[Stored data entries]
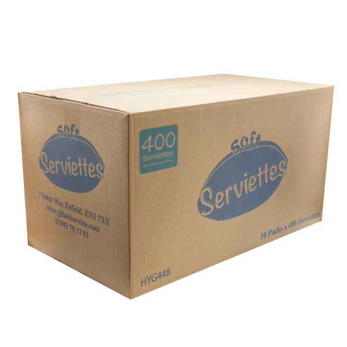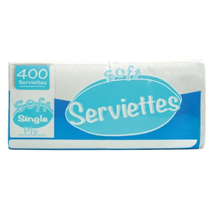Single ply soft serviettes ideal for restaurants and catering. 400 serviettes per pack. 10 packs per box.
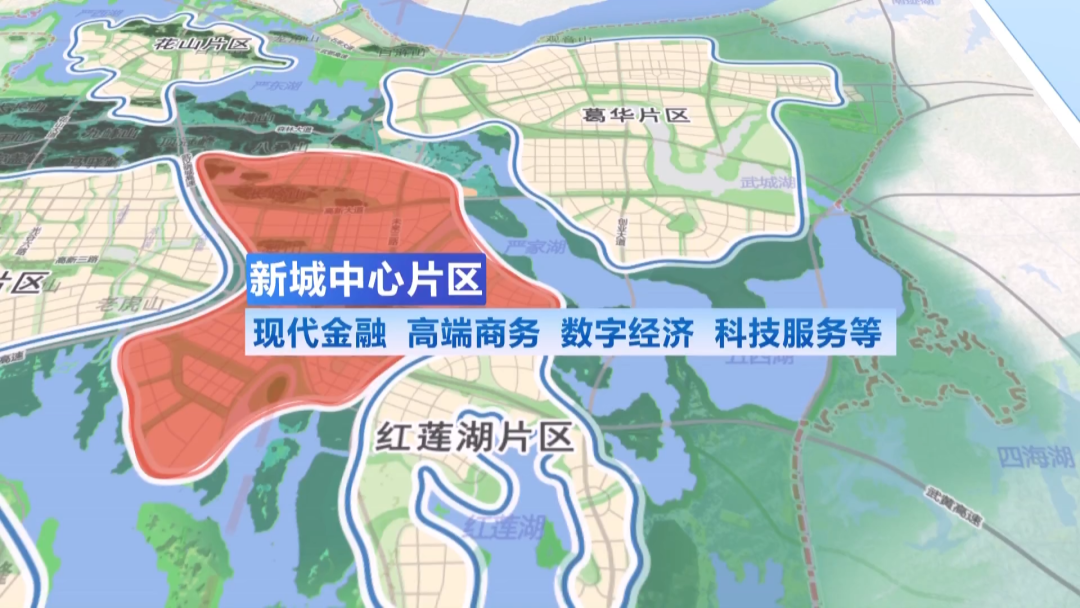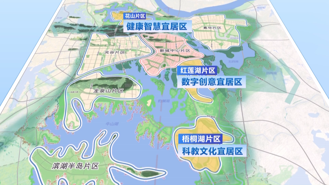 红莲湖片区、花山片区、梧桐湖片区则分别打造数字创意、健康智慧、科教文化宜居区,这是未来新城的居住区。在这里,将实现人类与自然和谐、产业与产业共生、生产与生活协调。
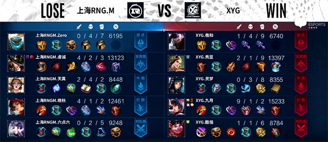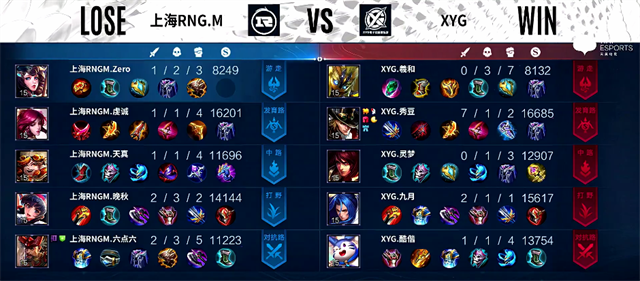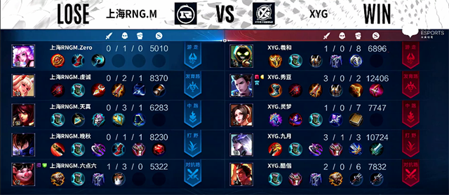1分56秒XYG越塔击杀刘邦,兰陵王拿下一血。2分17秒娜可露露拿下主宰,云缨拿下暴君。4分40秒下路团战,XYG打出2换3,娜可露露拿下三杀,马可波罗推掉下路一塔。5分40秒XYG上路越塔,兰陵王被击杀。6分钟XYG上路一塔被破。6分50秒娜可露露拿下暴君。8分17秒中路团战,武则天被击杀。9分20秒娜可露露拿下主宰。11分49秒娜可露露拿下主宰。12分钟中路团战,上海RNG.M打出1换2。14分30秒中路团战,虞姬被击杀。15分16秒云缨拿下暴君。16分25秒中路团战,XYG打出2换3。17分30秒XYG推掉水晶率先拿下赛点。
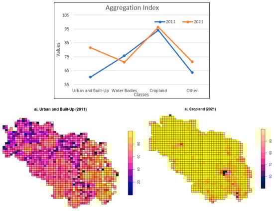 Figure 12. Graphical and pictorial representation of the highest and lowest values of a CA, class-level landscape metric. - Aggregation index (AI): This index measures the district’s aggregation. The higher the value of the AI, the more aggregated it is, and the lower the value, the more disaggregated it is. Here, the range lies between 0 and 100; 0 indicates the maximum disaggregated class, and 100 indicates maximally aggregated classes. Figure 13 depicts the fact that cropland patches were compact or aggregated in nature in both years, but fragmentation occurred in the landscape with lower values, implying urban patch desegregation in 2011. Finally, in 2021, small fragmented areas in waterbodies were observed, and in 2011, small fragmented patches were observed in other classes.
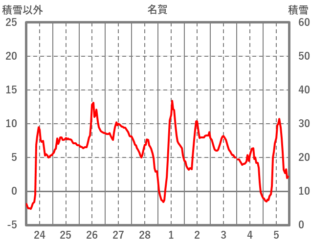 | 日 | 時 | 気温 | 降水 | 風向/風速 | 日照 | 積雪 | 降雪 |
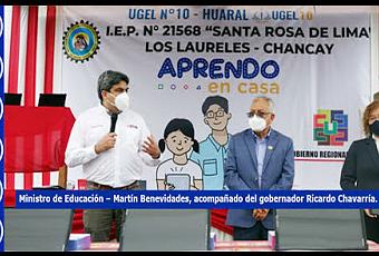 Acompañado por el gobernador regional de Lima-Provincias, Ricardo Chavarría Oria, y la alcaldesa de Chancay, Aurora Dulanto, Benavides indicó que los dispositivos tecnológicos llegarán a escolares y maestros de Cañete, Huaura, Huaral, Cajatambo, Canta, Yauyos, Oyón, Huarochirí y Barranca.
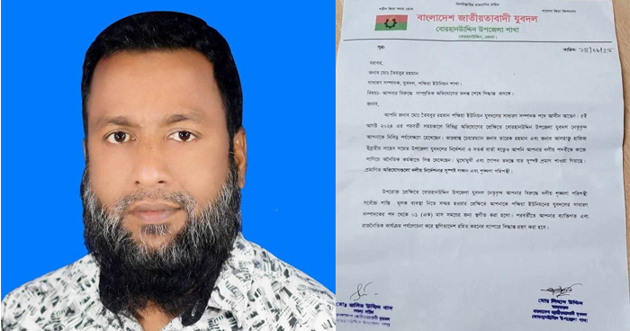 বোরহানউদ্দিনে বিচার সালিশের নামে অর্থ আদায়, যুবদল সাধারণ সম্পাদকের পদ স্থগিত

• The task
What you give back must match the lines from the start of the records through the line that contains "1分56秒XYG越塔击杀刘邦", exactly, with the pictures left out.

• Response to the exercise
Single ply soft serviettes ideal for restaurants and catering. 400 serviettes per pack. 10 packs per box.
 红莲湖片区、花山片区、梧桐湖片区则分别打造数字创意、健康智慧、科教文化宜居区,这是未来新城的居住区。在这里,将实现人类与自然和谐、产业与产业共生、生产与生活协调。
1分56秒XYG越塔击杀刘邦,兰陵王拿下一血。2分17秒娜可露露拿下主宰,云缨拿下暴君。4分40秒下路团战,XYG打出2换3,娜可露露拿下三杀,马可波罗推掉下路一塔。5分40秒XYG上路越塔,兰陵王被击杀。6分钟XYG上路一塔被破。6分50秒娜可露露拿下暴君。8分17秒中路团战,武则天被击杀。9分20秒娜可露露拿下主宰。11分49秒娜可露露拿下主宰。12分钟中路团战,上海RNG.M打出1换2。14分30秒中路团战,虞姬被击杀。15分16秒云缨拿下暴君。16分25秒中路团战,XYG打出2换3。17分30秒XYG推掉水晶率先拿下赛点。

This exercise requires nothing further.